To learn more: Medicines for the Treatment of Polymyalgia Rheumatica »

SOME TIPS TO FOLLOW

Below are some useful medical tips to follow if you want to limit the side effects of corticosteroids.

First of all, it is good to correct the diet, so as not to favor the raising of blood pressure and blood sugar (glucose in the blood). Therefore, added cooking salt should be avoided and fatty foods, sweets, sugars and alcohol should be limited, in favor of fruit, vegetables, whole grains, lean meat and fish.

Secondly, calcium and vitamin D supplements against osteoporosis are recommended.

For further information: Diet for Polymyalgia Rheumatica »

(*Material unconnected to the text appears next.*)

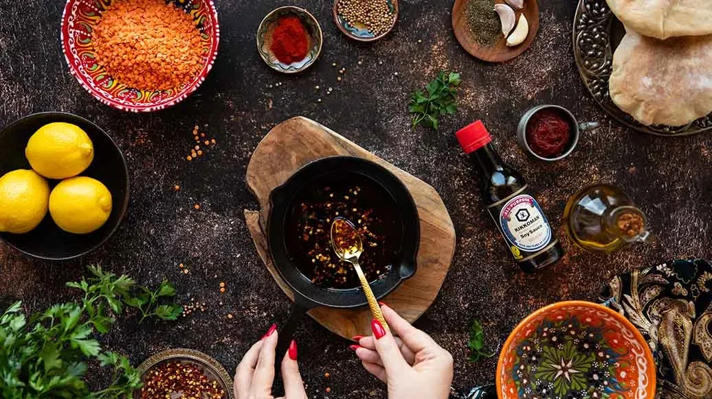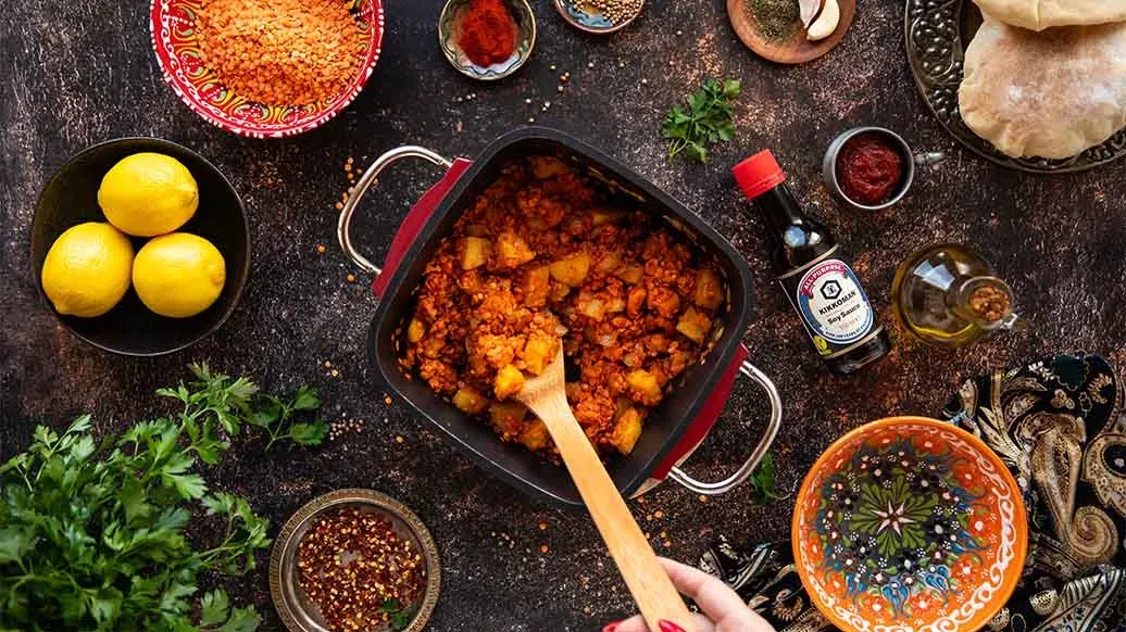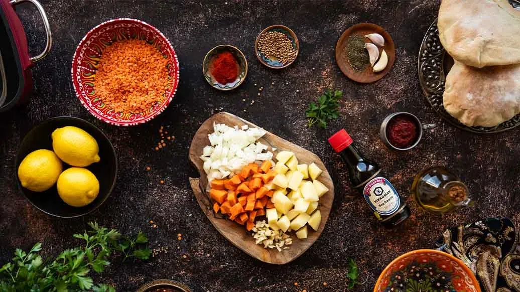 Eine wohltuende Suppe aus roten Linsen, Karotten und Kartoffeln, aromatisiert mit Knoblauch, Gewürzen und Tomatenpüree. Kikkoman Sojasauce sorgt für viel Umami, während Minze, Petersilie, Chili und Zitrone lebendige Frische liefern.

Finally, if age allows it, it is important to stay active, as physical exercise (even moderate) allows bone turnover, maintenance of muscle tone and stability of body weight.

Prognosis

For patients with polymyalgia rheumatica, the prognosis depends essentially on the earliness of the diagnosis and the appropriateness of the treatment.

Early diagnosis allows therapy to be started early, at a time when polymyalgia is still limited to a few areas of the body. Conversely, a late diagnosis delays the start of the therapeutic treatment, increasing the possibility that the typical complications of polymyalgia rheumatica arise.